[Work task]: Exact copy, pictures omitted: the line holding "Graded EX/NM 6" and every line after it down to the end of the entries.

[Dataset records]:
[Start of Attachment]

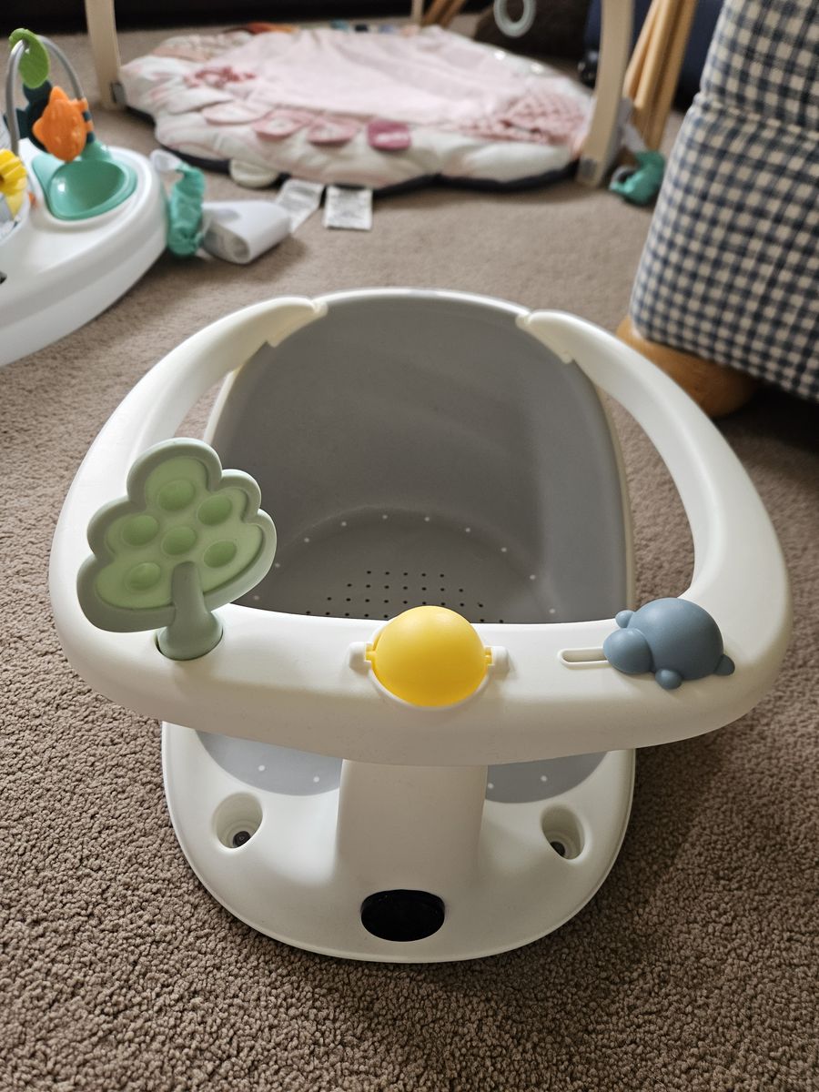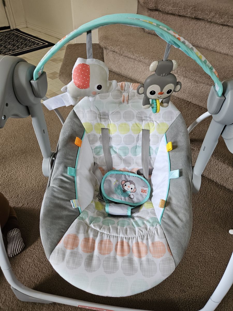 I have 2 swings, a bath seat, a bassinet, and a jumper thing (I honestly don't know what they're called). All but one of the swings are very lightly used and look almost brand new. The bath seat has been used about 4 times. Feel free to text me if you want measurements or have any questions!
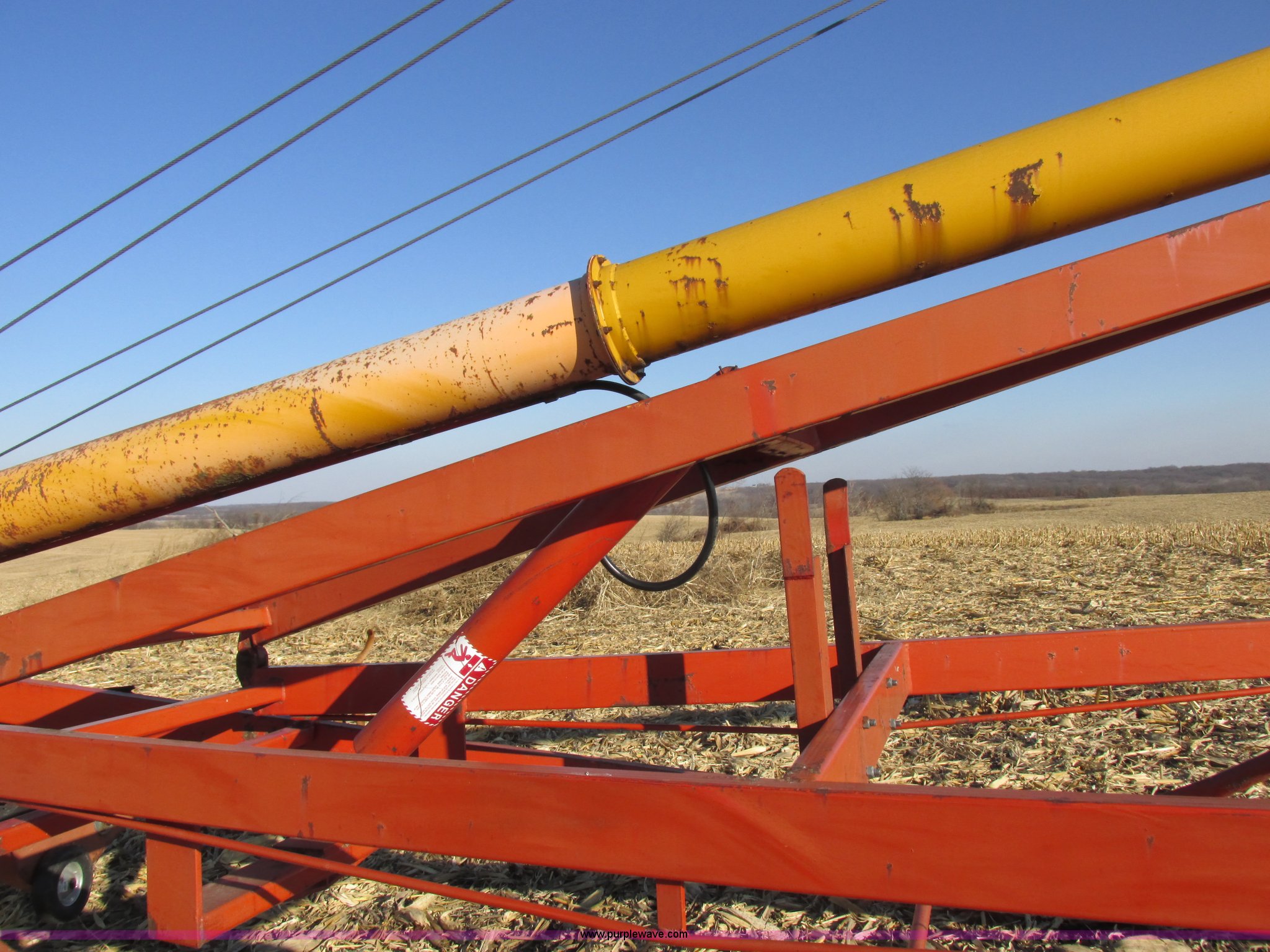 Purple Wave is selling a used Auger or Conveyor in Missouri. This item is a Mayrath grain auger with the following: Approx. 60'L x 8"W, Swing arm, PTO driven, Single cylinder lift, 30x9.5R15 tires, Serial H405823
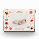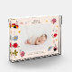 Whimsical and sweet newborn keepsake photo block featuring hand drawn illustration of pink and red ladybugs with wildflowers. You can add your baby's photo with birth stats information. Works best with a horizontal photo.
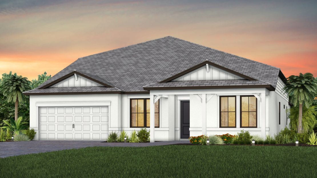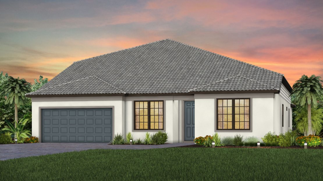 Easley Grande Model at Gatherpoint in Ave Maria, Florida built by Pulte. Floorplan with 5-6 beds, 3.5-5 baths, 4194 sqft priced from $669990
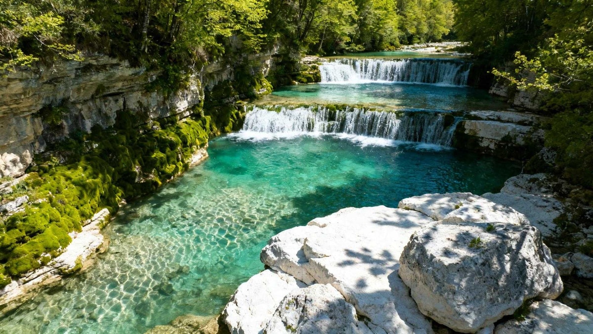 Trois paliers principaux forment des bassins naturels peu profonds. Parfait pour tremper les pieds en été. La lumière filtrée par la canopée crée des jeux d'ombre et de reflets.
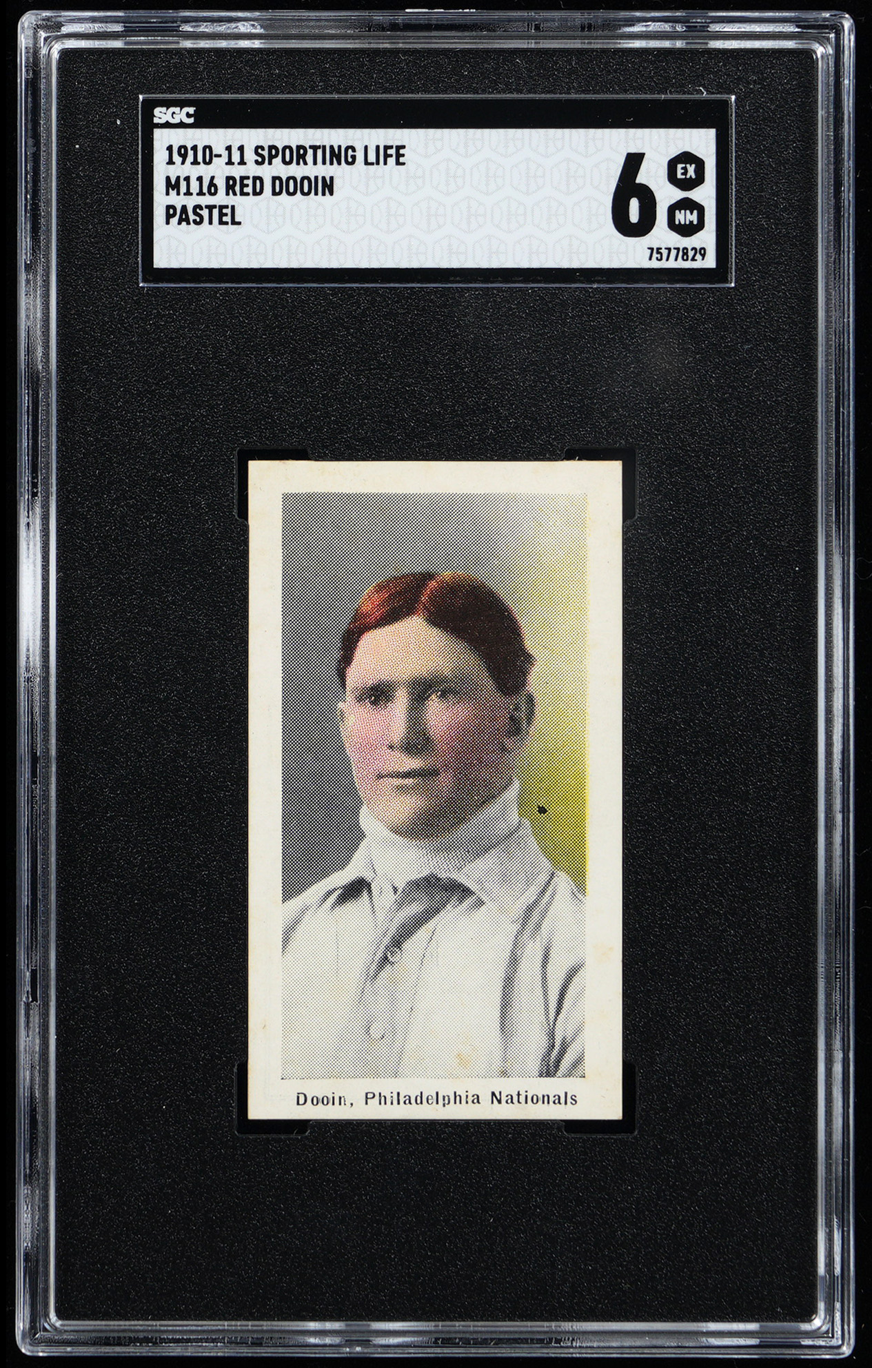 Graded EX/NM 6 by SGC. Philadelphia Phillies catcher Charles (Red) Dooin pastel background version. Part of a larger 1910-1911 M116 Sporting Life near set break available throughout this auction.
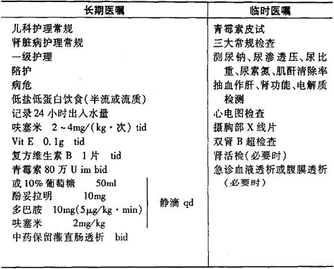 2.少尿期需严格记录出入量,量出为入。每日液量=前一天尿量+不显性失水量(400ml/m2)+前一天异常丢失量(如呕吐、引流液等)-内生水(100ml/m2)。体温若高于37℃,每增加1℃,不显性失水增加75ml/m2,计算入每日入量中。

[End of Attachment]

[Answer to the problem]:
 Graded EX/NM 6 by SGC. Philadelphia Phillies catcher Charles (Red) Dooin pastel background version. Part of a larger 1910-1911 M116 Sporting Life near set break available throughout this auction.
 2.少尿期需严格记录出入量,量出为入。每日液量=前一天尿量+不显性失水量(400ml/m2)+前一天异常丢失量(如呕吐、引流液等)-内生水(100ml/m2)。体温若高于37℃,每增加1℃,不显性失水增加75ml/m2,计算入每日入量中。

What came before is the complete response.